──────── RECORDS SUPPLIED ────────

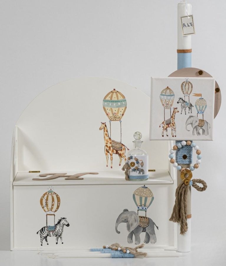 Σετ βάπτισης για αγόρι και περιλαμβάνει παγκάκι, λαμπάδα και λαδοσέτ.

────────
──────── RECORDS SUPPLIED ────────

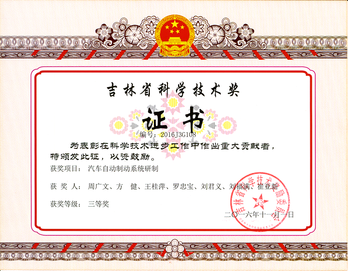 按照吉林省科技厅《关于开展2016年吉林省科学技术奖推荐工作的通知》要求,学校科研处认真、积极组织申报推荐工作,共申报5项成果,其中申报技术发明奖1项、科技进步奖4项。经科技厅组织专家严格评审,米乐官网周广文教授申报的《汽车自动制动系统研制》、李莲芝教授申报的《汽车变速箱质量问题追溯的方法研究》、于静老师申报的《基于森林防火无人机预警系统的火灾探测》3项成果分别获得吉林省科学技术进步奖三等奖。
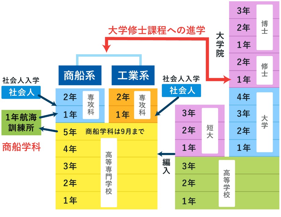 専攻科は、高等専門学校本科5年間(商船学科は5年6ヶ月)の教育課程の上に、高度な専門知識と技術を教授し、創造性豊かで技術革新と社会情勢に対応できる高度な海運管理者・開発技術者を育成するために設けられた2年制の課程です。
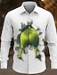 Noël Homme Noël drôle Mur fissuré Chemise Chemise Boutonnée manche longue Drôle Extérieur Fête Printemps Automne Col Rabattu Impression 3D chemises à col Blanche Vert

────────

• **TASK BRIEF**
From the records above, quote word for word only the lines beginning at the line that has "専攻科は、高等専門学校本科5" and stopping after the line that has "Noël Homme Noël". Omit the pictures.

• **RESULT OF THE TASK**
 専攻科は、高等専門学校本科5年間(商船学科は5年6ヶ月)の教育課程の上に、高度な専門知識と技術を教授し、創造性豊かで技術革新と社会情勢に対応できる高度な海運管理者・開発技術者を育成するために設けられた2年制の課程です。
 Noël Homme Noël drôle Mur fissuré Chemise Chemise Boutonnée manche longue Drôle Extérieur Fête Printemps Automne Col Rabattu Impression 3D chemises à col Blanche Vert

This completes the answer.